Inflation pressures are showing more signs of easing, but consumers still look reluctant to spend to any extent.
A slew of Stats NZ data showed food prices rose 0.2 percent in August on July, but the annual rate eased to 0.4 percent.
Higher prices for eating out, takeaways, and groceries were the main drivers behind the annual gain of 3.6 percent, while fruit and vegetable prices fell 12.2 percent .
Among groceries olive oil, butter and chocolate were notable price rises.
“The average price of a 250g block of chocolate has increased 20 percent since this time last year,” consumer prices manager James Mitchell said.
World olive oil supplies and prices have been affected by bad weather in Europe, while chocolate prices have surged on the back of disease, drought, and reduced supplies.

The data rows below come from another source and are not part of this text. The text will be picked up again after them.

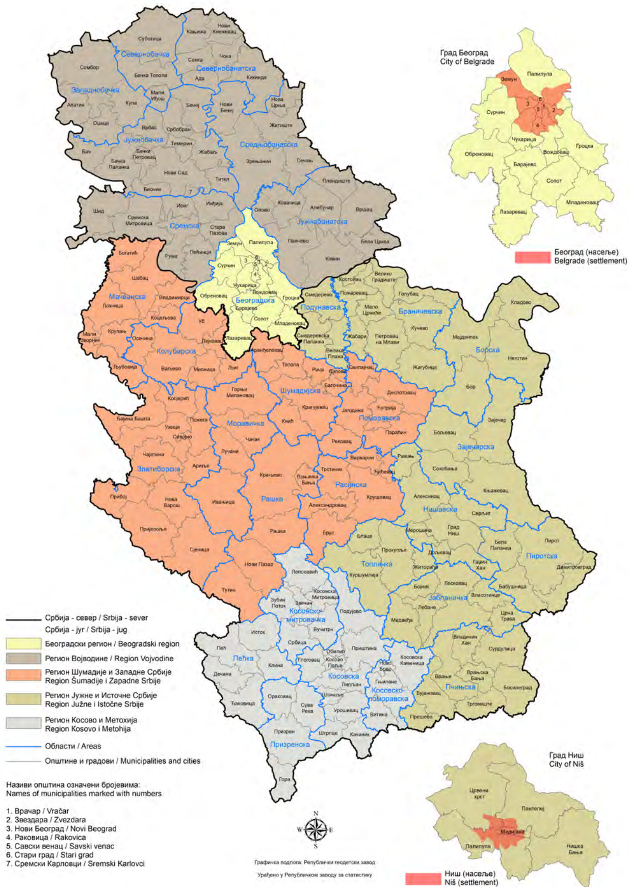
Map 1. Municipalities and cities of the Republic of Serbia by areas and regions
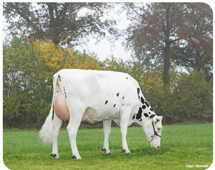
Quarrel 54 (p. Mareno) Prop.: Mts. Steenblik-Tetteroo, Ruurlo (NL)
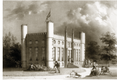
Het koninklijke paleis in 1849.
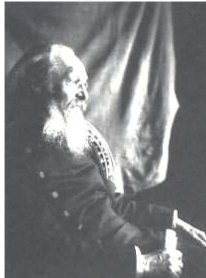
Hesses Vater 1916
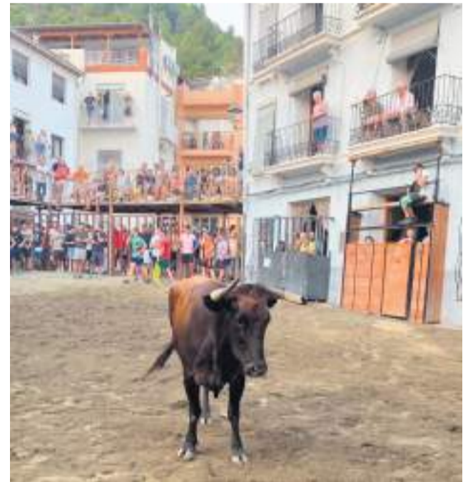
Imagen de archivo de las fiestas de Vall de Almonacid.

Entre los actos más destacados figura la Noche de Paellas , una cita en la que vecinos de todas las edades comparten mesa y conversación. También destaca la subida nocturna al castillo , organizada por la Asocia-
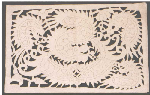
贵州苗族衣袖的剪纸刺绣花样
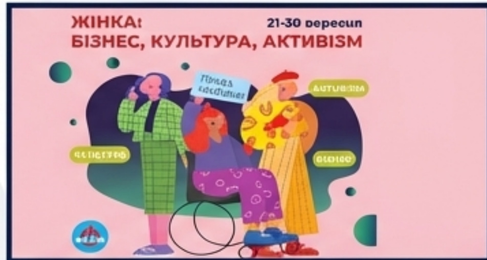
Фестивалі інклюзії та кампанії #SVOYA
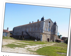
L'Abbaye du Lieu Dieu
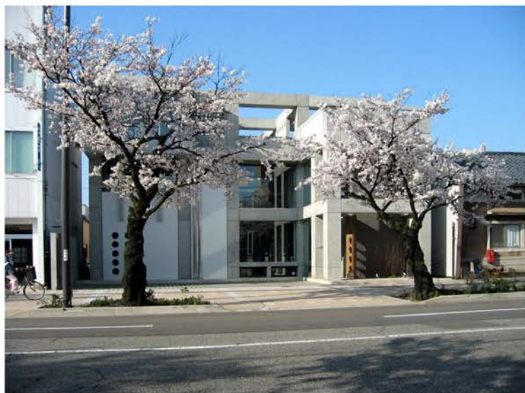
ジュエリースカラベ新築工事（福井市都市景観賞）

シンプルでありながらも、たくさんの人々の目を楽しませるようなデザインをコンセプトに…当社では、独創的なデザインはもちろんのこと、周辺環境の調和を最優先に考えた建築を基本にしています。特に商業施設の建築においては、デザインの良し悪しが、集客に影響することも少なくなく、十分なりサーチを行い、デザイン立案・設計・建築、そして、場合によってはプロデュースに至るまで総合的な視野に立ち提案し、建物と街づくりを目指しています。
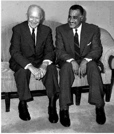
مع الرئيس الأمريكي أيزنهاور

وأكد الرئيس أن مصر - رغم ذلك - قررت الدفاع عن سيادتها وأراضيها ضد العدوان الفرنسي البريطاني المنتظر. وقد طلب الرئيس من السفير أن يبلغ الرئيس أيزنهاور رسالة من الحكومة.
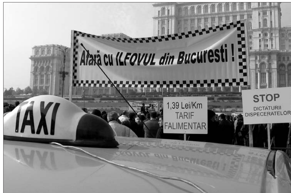
A bukaresti taxisok keveslik az 1,39 lejes viteldíjat, ezért újabb tüntetésre készülnek.
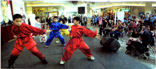
劍風體育會的小朋友，在台上表演武術為活動加油。
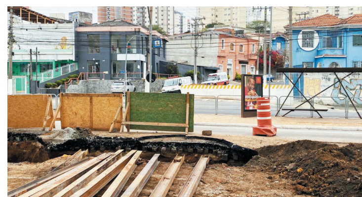
As obras na avenida Dom Pedro interditaram grande parte da via

As obras em torno do Monumento da Independência também preocupa, pois todo piso em seu entorno foi retirado para colocação de um novo, o Jardim Francês, cuja obra está sob responsabilidade do Estado, e que fica literalmente em frente ao prédio monumental do Museu, não é problema, pois as obras estão bem adiantadas e já está em contagem regressiva para a abertura. O terreno tem cerca de 10 mil metros e foi recoberto por grama.
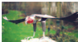
condor 1 mm stahl mehrfarbig lackiert
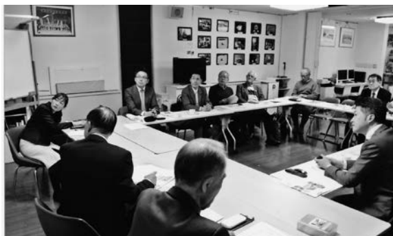
講演会を受講する皆さん
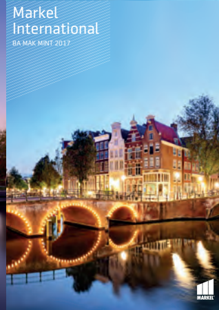
Markel International BA MAK MINT 2017
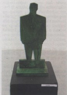
Ironija? – prijedlog Ivana Fiolija
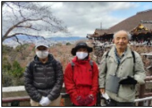
清水寺 阿弥陀堂より、絶景!

鳥辺山妙見宮では妙見大菩薩がまつられており、赤い大きなモミジが未だ残っていて、美しく迎えてくれました。遠くは左大文字・愛宕山・丸山・吉兆山・沢山の三山も見えました。鳥辺
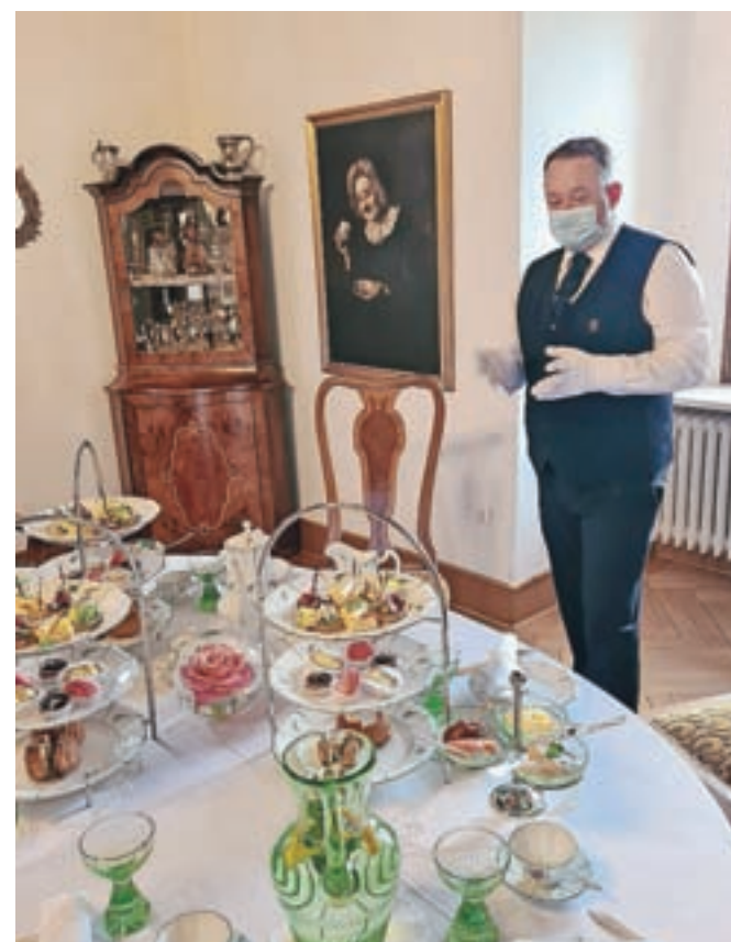
K dobri kavi na gradu Strmol se vedno pričujejo dobri sogovorniki, brez malih prigrizkov pa seveda tudi ne gre.
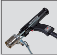
Schweißpistole PH-3N SRM 16 zum Mutter- und Bolzenschweißen mit magnetisch bewegtem Lichtbogen PH-3N SRM 16 welding gun for nut and stud welding using a magnetically moved arc

* P01341 = BMK-16i Automatik * P01041 = BMK-16i automatic
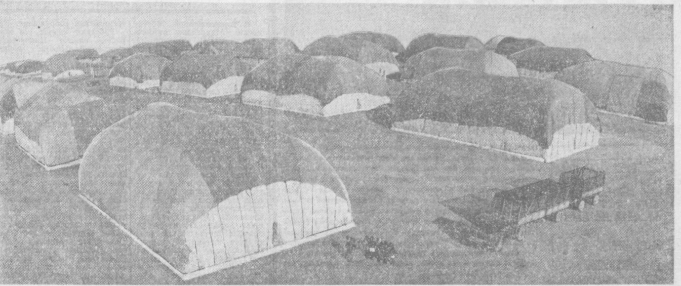
Это лишь малая часть большого хранима Самарканда.

Одержанная победа — результат героического труда колхозников, рабочих совхозов, специалистов сельского и водного хозяйства, большой целеустремленной организаторской и политической работы партийных, советских, профсоюзных и комсомольских организаций.
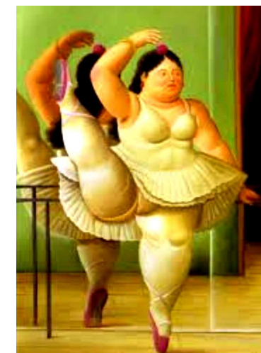
"Ballerina alla sbarra" di F. Botero

Centro Regionale ASPIC EMILIA-ROMAGNA BOLOGNA

However, transport costs fell in August with petrol pump prices falling further and airfares also cheaper, while rents continued to edge higher.
The items cover just under half of the consumer price index and suggest inflation is slowing further.
ASB senior economist Mark Smith said the partial numbers pointed to inflation of 0.3 percent for the month.
“The moderating annual inflation impulse increases our confidence that annual CPI inflation will fall below 2.5 percent in the third quarter.”
He expected the Reserve Bank to continue cutting the official cash rate, by 25 basis points in its next two meetings, to 4.75 percent.
“Actual OCR moves will be heavily conditional on the inflation, labour market and wider economic outlook,” Smith said.
Cautious consumers
But other Stats NZ data showed tepid consumer activity, despite the first rise in retail sales using electronic cards in seven months.
Sales rose 0.2 percent for the month, but were still 2.9 percent lower than a year ago.
Spending on durable goods, such as furniture and electronics, fuel, and clothing increased, but hospitality and vehicle related sales were lower.
Westpac senior economist Satish Ranchhod said the rise was modest given tax cuts had come into effect.
“We expected that tax cuts would support a larger rise in spending. However, New Zealand households are yet to throw their wallets open.”
He said high living costs and interest rates continued to be headwinds and it would take some time before recent falls in interest rates filtered through to households.
“At the same time, the softening labour market means many households are still cautious about their spending.”